Inputs the constructs.json, melts.json, and processed .npy data files from the data processing script above.

Generates a dictionary of partition functions using the capped homopolymer 1D-Ising model, and converts these to dictionaries of fraction-folded expressions (**fraction_folded_dict**) for fitting by partial differentiation.  Manipulations are done using the sympy module which allows symbolic math operations.  This is important for partial differentiation, but also for "simplification" of the fraction folded exprssions.  This simplification factors common terms, significantly decreasing the time it takes to fit and bootstrap below.  The fraction-folded dictionary is exported in json format.

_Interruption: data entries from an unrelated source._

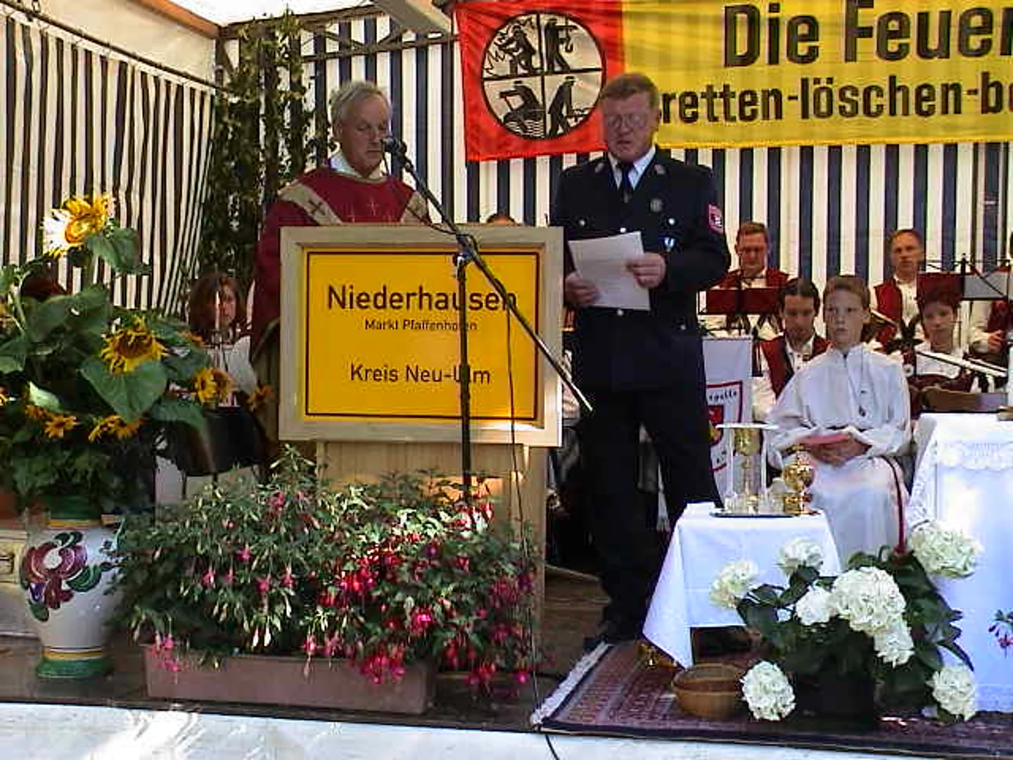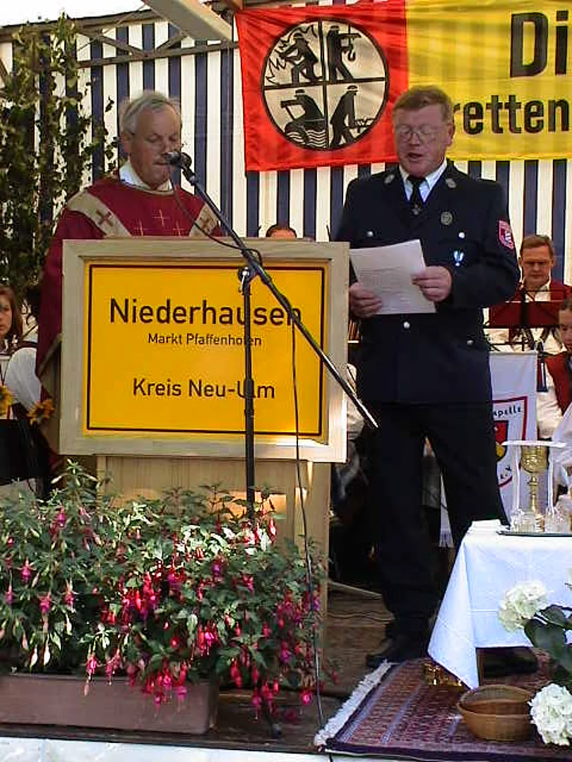 Mit Festakt und Dorffest feierte die Freiwillige Feuerwehr Niederhausen ihr 125jähriges Bestehen. Zum Festakt am Samstag konnten zahlreiche Repräsentanten der Feuerwehren, der Vereine und des öffentlichen Lebens begrüßt werden. "Heute ist ein Ehrentag für die Freiwillige Feuerwehr Niederhausen". sagte der Vorsitzende des Feuerwehrvereins, Johann Merkle bei seiner Begrüßung. Johann Merkle wurde bereits im Jahre 1963 Kommandant der Wehr. Dieses Amt hatte er 30 Jahre inne. 12 Jahre war er stellvertretender Kommandant. Nun ist er seit 5 Jahren Ehrenkommandant. Den Vorsitz des Feuerwehrvereins hat er seit 25 Jahren inne. Diese Leistung würdigte Bürgermeister Josef Walz in seinem Grußwort mit den Worten "Ein Leben für und mit der Feuerwehr". Er hob weiterhin den Einsatz der Feuerwehren für das Gemeinwohl hervor. Besonders würdigte er die Impulse, die von der Freiwilligen Feuerwehr Niederhausen für den Zusammenhalt der örtlichen Dorfgemeinschaft ausgingen. Das beste Beispiel dafür ist der Bau des neuen Feuerwehrgerätehauses im Jahre 1981 mit dem angegliederten Dominikusstüble, das sich die Feuerwehr in Eigenleistung geschaffen hat. Landrat Erich Josef Geßner zeigte die gesellschaftlichen Veränderungen in der Zeitspanne von 125 Jahren auf. Besonders erwähnte er, dass in Niederhausen von 200 Einwohnern 28 aktive Feuerwehrleite seien. Dahinter könne sich jede Großstadt verstecken, meinte er. Kreisbrandrat Alfred Raible warnte davor, die kleinen Wehren zu belächeln. Ihr großer Vorteil sei die Ortskenntnis. Zudem könne auf die Personalreserve dieser Wehren nicht verzichtet werden. Kommandant Hubert Windeisen brachte es in seiner Ansprache auf den Punkt. In 125 Jahren seien Sinn und Zweck der Feuerwehr gleich geblieben: Gegenseitige Hilfe ohne lang zu fragen. Mit dem Feuerwehr-Ehrenzeichen in Silber für 25 Jahre aktiven Einsatz wurden von Landrat Geßner Karl-Heinz Beck, Helmut Renz und Erhard Zahn ausgezeichnet.
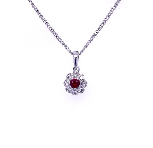 18ct White Gold, Ruby & Diamond Daisy Cluster Pendant
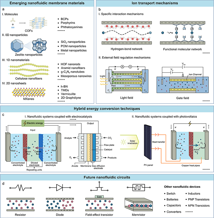 图9. 仿生纳米流体膜的挑战与展望。(a) 基于分子、0D、1D和2D纳米材料的新兴纳米流体膜材料。(b) 基于仿生纳米流体膜的离子传输机制。(c) 基于纳米流体系统的混合能量转换技术。(d) 未来的纳米流体电路。
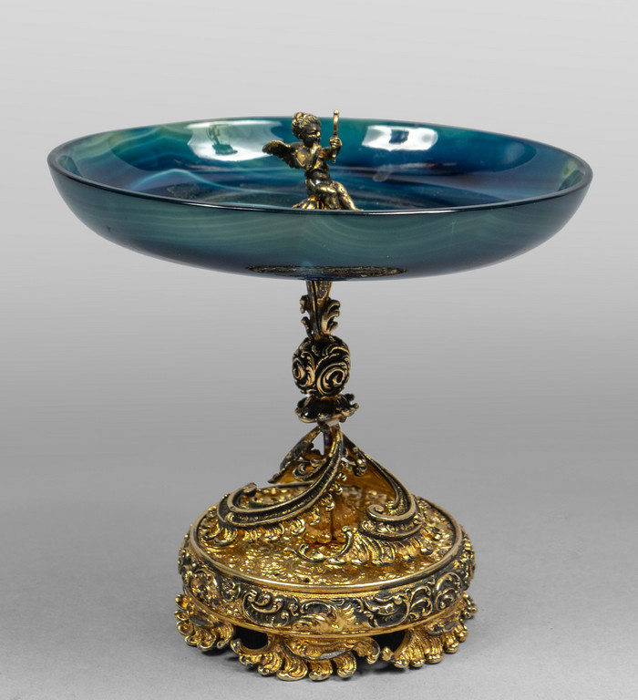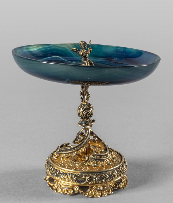 Alzatina in argento finemente sbalzato e dorato con piatto in agata inizi sec.XX
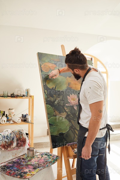 Бородатый мужчина рисует на лодке в современной студии
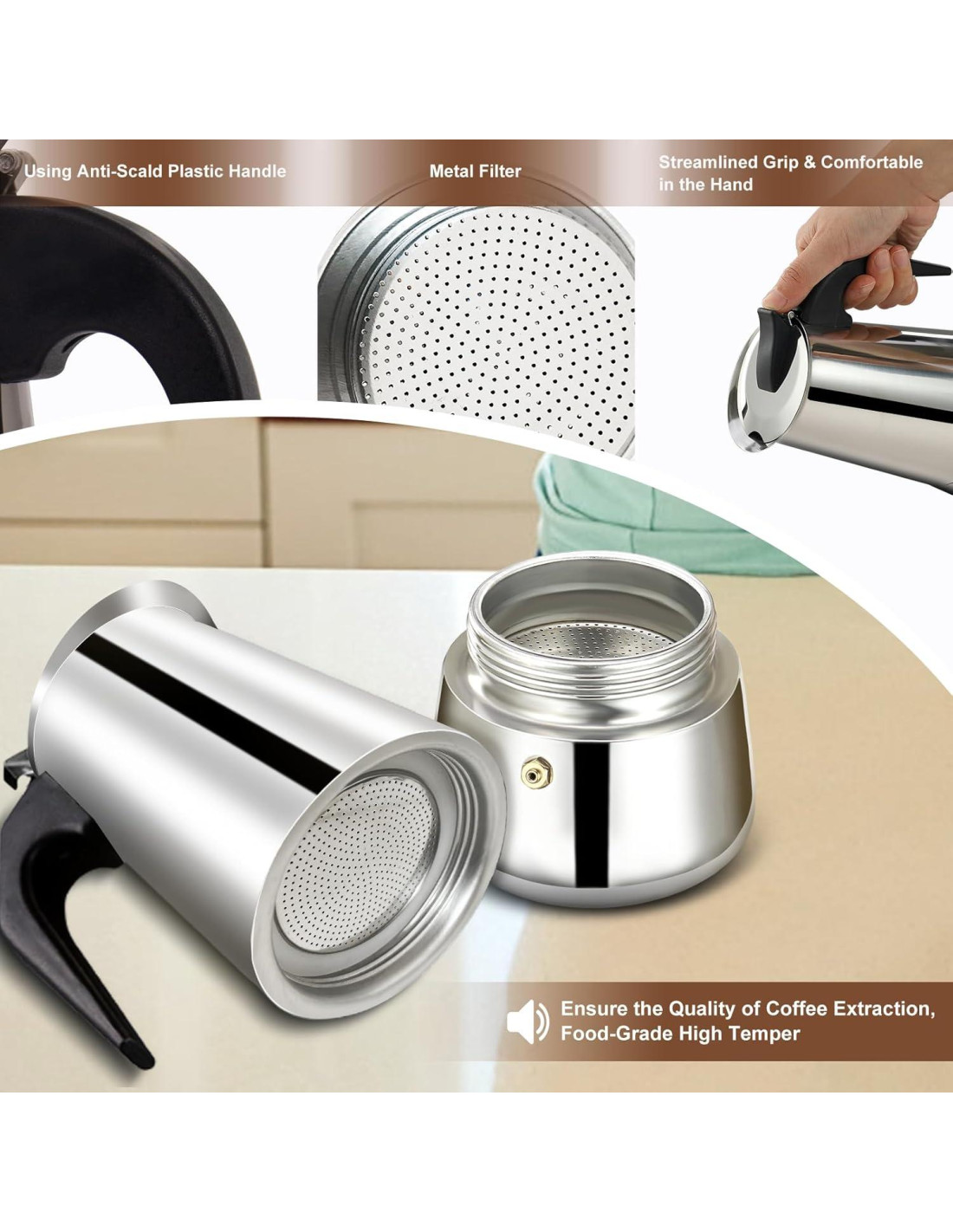 - Compatible con Todas las Estufas: Esta cafetera espresso de estufa es adecuada para cualquier estufa, como gas, estufa de inducción, estufa de cerámica, estufa eléctrica, estufa de alcohol y estufa de camping de propano. No necesitas salir, puedes hacer fácilmente tus lattes, mochas, batidos, macchiatos y cappuccinos favoritos. Usamos ingredientes de alta calidad para hacer la extracción, haciendo que el café sea más sabroso y brindándote un disfrute de café de alta calidad.
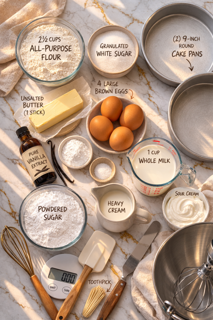 1. Room temperature everything β and I mean everything. Cold butter, cold eggs, cold milk β they don’t mix together properly. The batter can curdle and your layers end up dense. Pull everything out 1 to 2 hours before you start.
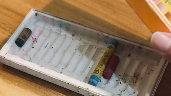 新学期前日「クレヨン補充しなきゃ!」→慌てて蓋を開けると…… 想像以上の“絶望”に「うちは色鉛筆がこれw」と共感集まる
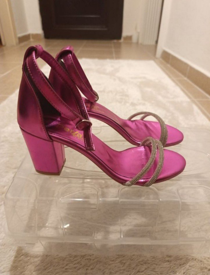Pera Marka Pembe Parlak Tokalı Blok Topuklu Abiye Ayakkabı
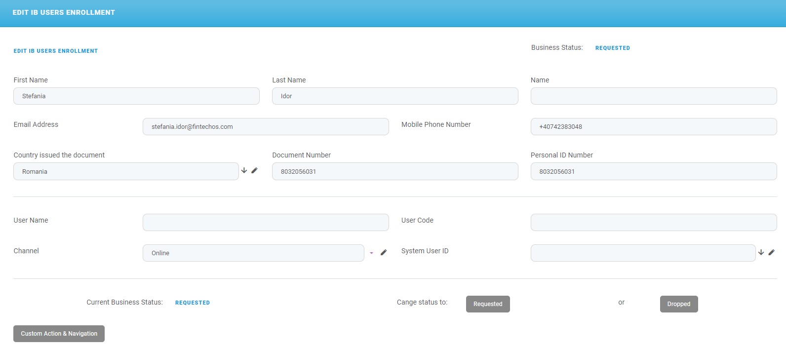 By double-clicking an entry in this grid, it opens the page EDIT IB Users Enrollment.
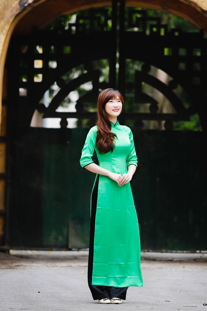 - Đúng như bên trên đã nói, màu xanh lá không kén màu da và độ tuổi và hoàn cảnh xuất hiện, chính bởi vậy dù bạn sử dụng làm áo dài kỷ yếu hay áo dài sự kiện, hội nghị chụp ảnh đều được.
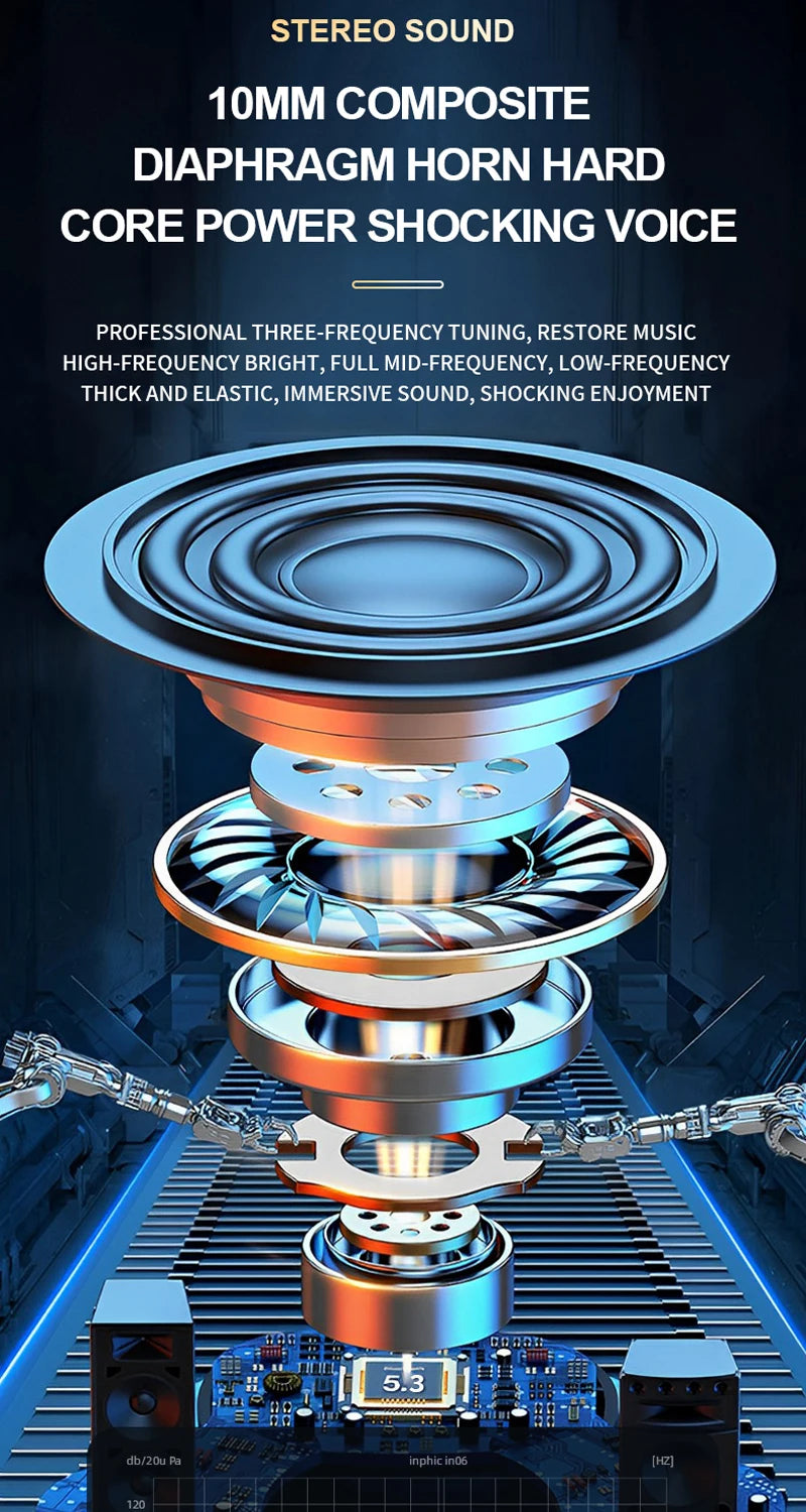 Soleeanre Wireless Headphones Earphone Sports Headset Aluminum Starring Ring Metal Alloy Gaming Earbuds Starburst Light Effect

Because the numpy exponential function (np.exp) gets reassigned in this script, and I cannot figure out how to undo this, the kernel must be restarted at the bottom of the script (exit()).  The user will be prompted to accept.

Though the path, project name, and most (but not all imports) are redundant with the command above, the kernel restart at the end of this script can create problems, if the script is run more than once.  For this reason I am keeping them associated with this script (and with subsequent scripts--fitting, plotting, etc).

Note that on 2020_05_05, I am changing the equation that gives the denaturant dependence of DGi to DGi + mi denat in the three equations for N, R, and C.  This corresponds to a positive m-value (free energies become more positive with denaturant).  Also change initial guess in the fitting cell.

In [None]:
proj_name = 'cANK'

start = time.time()

print('Generating partition functions and fraction folded expressions.  This may take a minute...')

# Parameters for partition function calculation.  Note these are sympy symbols.
RT = sp.Symbol('RT')
dGN = sp.Symbol('dGN')
dGR = sp.Symbol('dGR')
dGC = sp.Symbol('dGC')
mi = sp.Symbol('mi')
denat = sp.Symbol('denat')
Kn = sp.Symbol('Kn')
Kr = sp.Symbol('Kr')
Kc = sp.Symbol('Kc')
dGinter = sp.Symbol('dGinter')
W = sp.Symbol('W')

#np.exp = sp.Function('np.exp')
exp = sp.Function('np.exp')

with open(os.path.join(path, f'{proj_name}_constructs.json'), 'r') as cons:
    constructs = json.load(cons)

#define matricies  and end vectors to be used to calculate partition functions
begin = sp.Matrix([[0,1]])
N = sp.Matrix([[(Kn*W),1],[Kn,1]])
R = sp.Matrix([[(Kr*W),1],[Kr,1]])
C = sp.Matrix([[(Kc*W),1],[Kc,1]])
end = sp.Matrix([[1],[1]])

# Build dictionaries of partition functions, partial derivs with respect
# to K, and fraction folded.

q_dict = {}
dqdKn_dict = {}
dqdKr_dict = {}
dqdKc_dict = {}
frac_folded_dict = {}

# Number of repeats of each type.  Seems like they should be floats, but
# I get an error in the matrix multiplication (q_dict) if they are declared to be.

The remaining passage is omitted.